Entries supplied:
━━━━━━

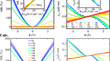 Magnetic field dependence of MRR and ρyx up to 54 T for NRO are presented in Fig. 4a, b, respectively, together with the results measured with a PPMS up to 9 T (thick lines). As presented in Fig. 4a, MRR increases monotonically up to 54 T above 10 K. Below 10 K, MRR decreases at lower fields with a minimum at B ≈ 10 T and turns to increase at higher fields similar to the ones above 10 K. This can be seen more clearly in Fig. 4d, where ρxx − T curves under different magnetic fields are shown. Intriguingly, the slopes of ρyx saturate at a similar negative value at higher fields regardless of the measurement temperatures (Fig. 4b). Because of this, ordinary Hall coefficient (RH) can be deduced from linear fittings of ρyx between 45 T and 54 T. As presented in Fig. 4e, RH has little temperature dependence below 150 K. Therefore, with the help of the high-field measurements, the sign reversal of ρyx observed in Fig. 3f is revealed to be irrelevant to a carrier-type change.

━━━━━━

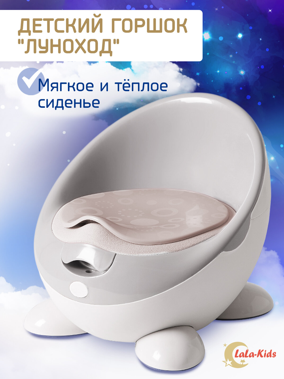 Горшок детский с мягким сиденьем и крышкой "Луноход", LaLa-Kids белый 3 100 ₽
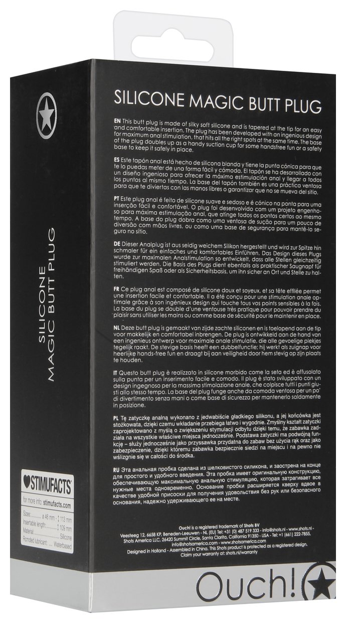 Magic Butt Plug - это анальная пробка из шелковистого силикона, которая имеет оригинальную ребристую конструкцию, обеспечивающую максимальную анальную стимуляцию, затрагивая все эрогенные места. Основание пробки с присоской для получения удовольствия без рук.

━━━━━━

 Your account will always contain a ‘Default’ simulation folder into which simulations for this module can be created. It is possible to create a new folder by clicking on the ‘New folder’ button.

━━━━━━

Task directions: Exactly the lines starting at the one above with "Горшок детский с" and ending at the one with "Magic Butt Plug" should be printed, and nothing else. Omit the pictures.

Response area:
 Горшок детский с мягким сиденьем и крышкой "Луноход", LaLa-Kids белый 3 100 ₽
 Magic Butt Plug - это анальная пробка из шелковистого силикона, которая имеет оригинальную ребристую конструкцию, обеспечивающую максимальную анальную стимуляцию, затрагивая все эрогенные места. Основание пробки с присоской для получения удовольствия без рук.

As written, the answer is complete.